After graduating from Divine Child High School, Shurmur attended Michigan State University, where he was a four-year letterman for the Michigan State Spartans football team. He played guard and linebacker his freshman season, and started at center the next three seasons. He earned All-Big Ten Conference honors and also earned honorable mention All-America honors in 1987, his senior year (MG). He was co-captain when the Spartans defeated the USC Trojans in the Rose Bowl in his senior year. Shurmur was the first graduate student to play on the Michigan State football team, as he began studying for his master's degree in financial administration during his senior season.

Coaching career

Philadelphia Eagles

During Shurmur's NFL coaching career, he has been a part of eight playoff teams, winning six division crowns and appearing in the Super Bowl.

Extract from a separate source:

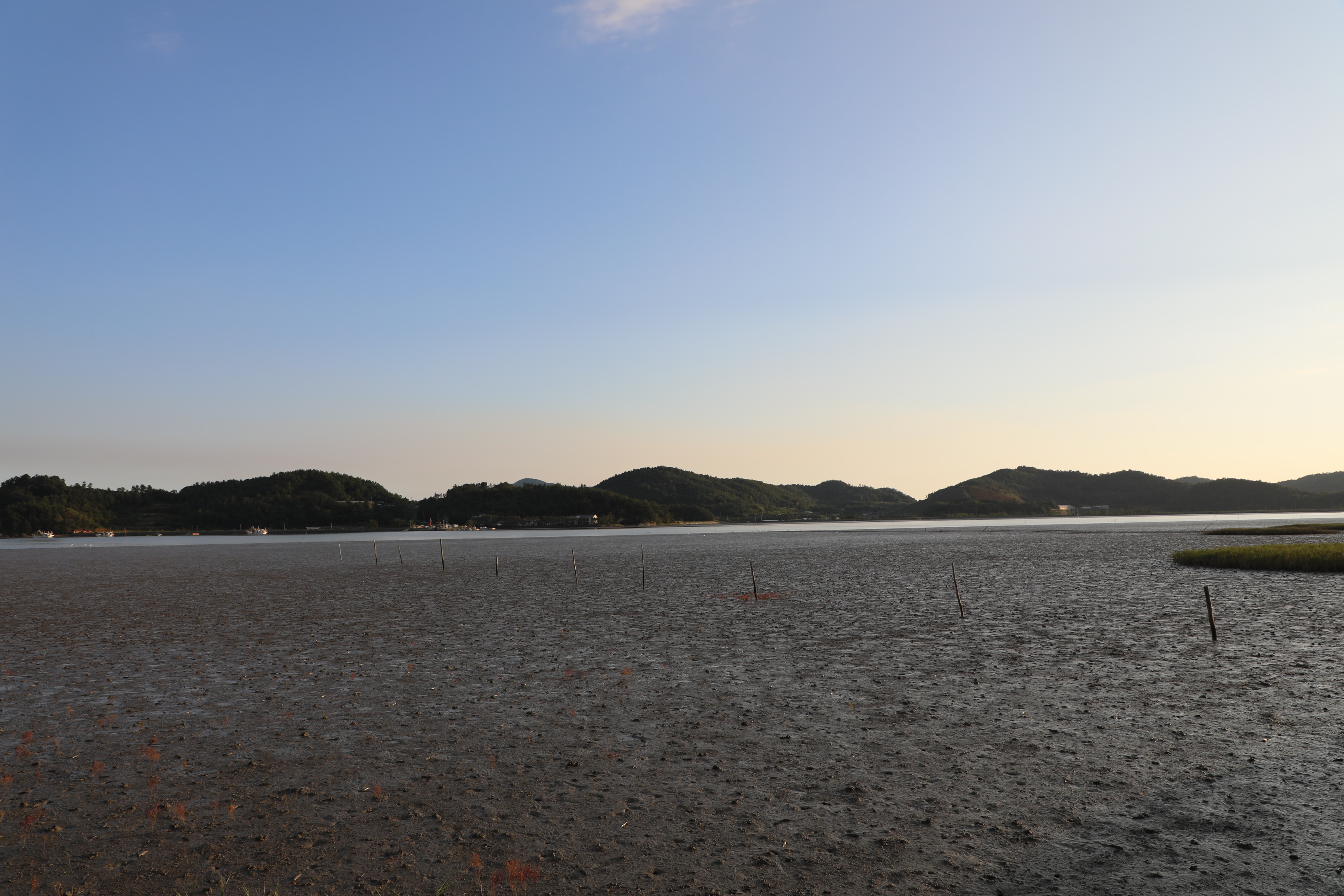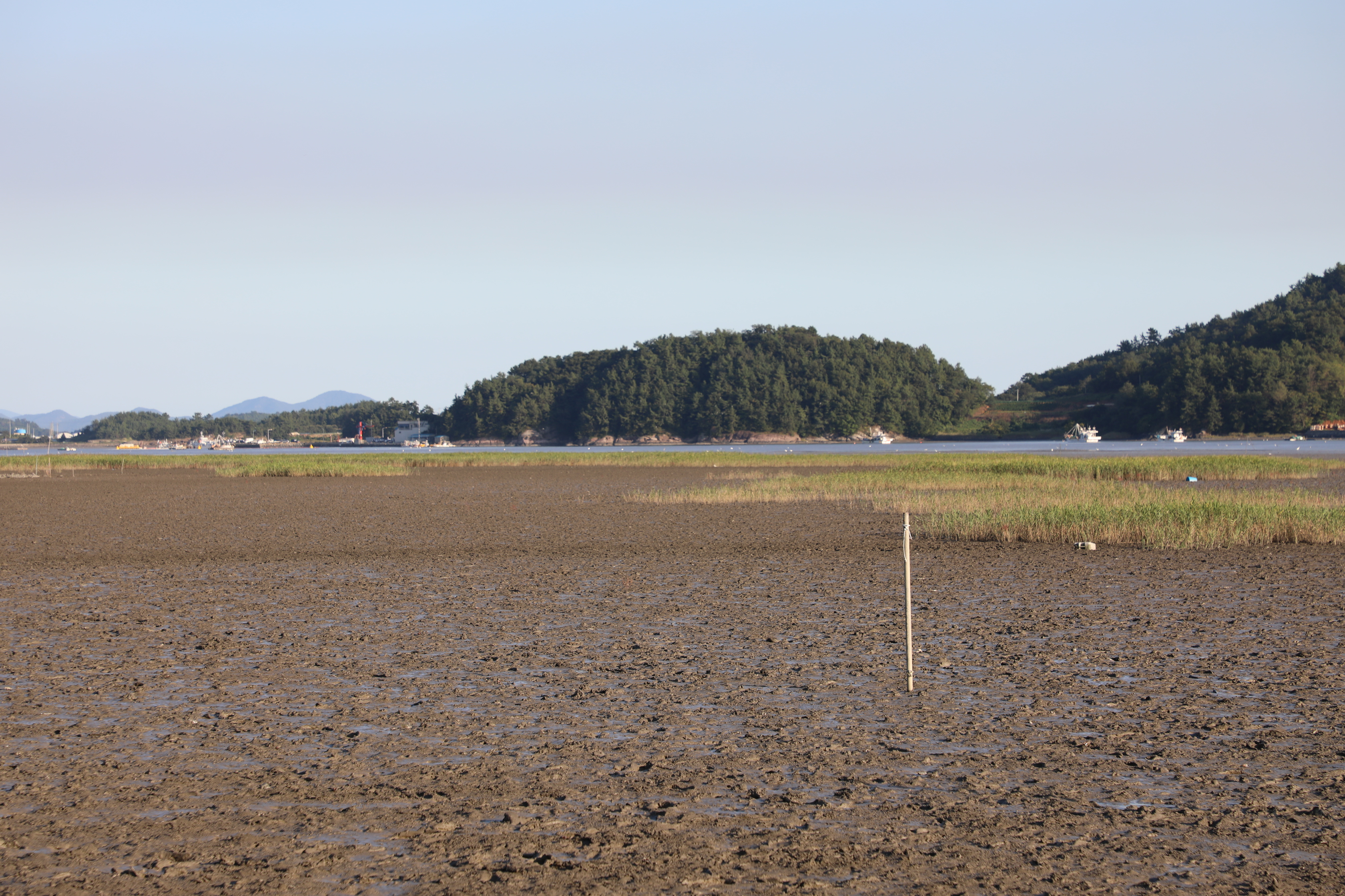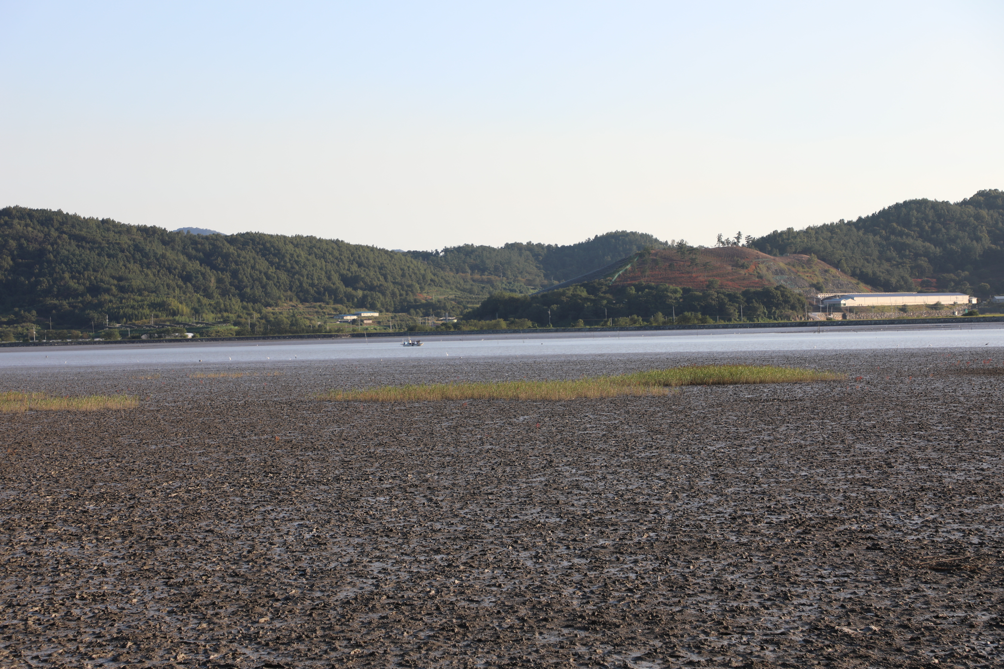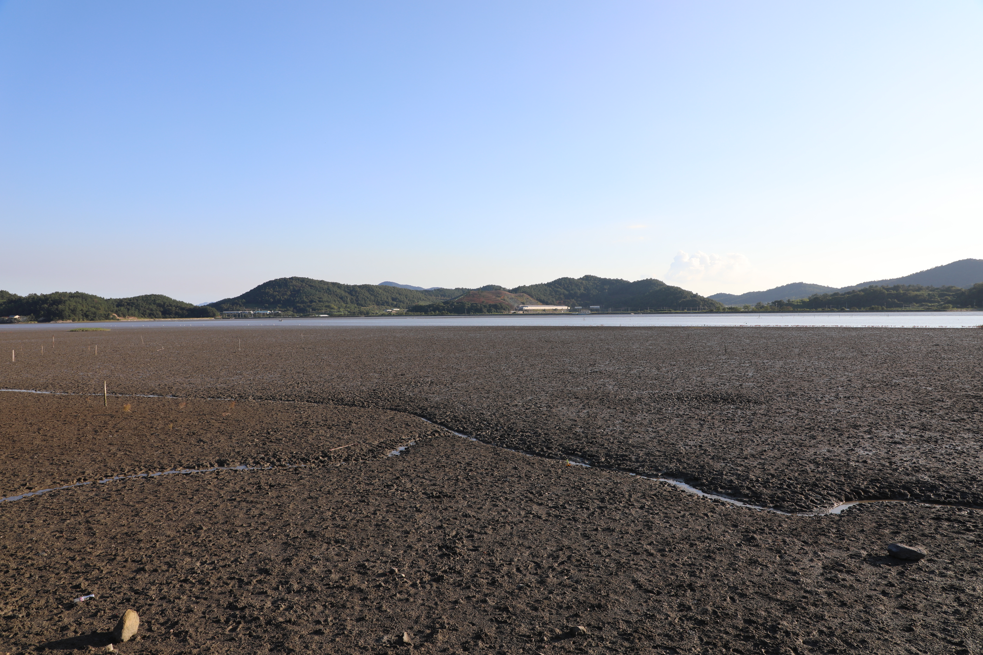 불도저로 밀어 수평을 잘 맞춘 듯 보이는 갯벌이다.

Shurmur began working for the Philadelphia Eagles in 1999, serving as both the tight ends coach and the offensive line coach. Shurmur helped mold tight end Chad Lewis into a three-time Pro Bowl selection.

In 2002, Shurmur was named the team’s quarterback coach. In that role, Shumur helped shape Donovan McNabb into the most prolific passer in Eagles history. McNabb holds nearly every Eagles career passing record, and in 2008, he set Eagles single-season records with 345 completions and 3,916 yards. In 2004, Shurmur and McNabb helped guide the Eagles to their first Super Bowl appearance since the 1980 season.

St. Louis Rams
On January 21, 2009, Shurmur was hired by Steve Spagnuolo to be the offensive coordinator of the St. Louis Rams.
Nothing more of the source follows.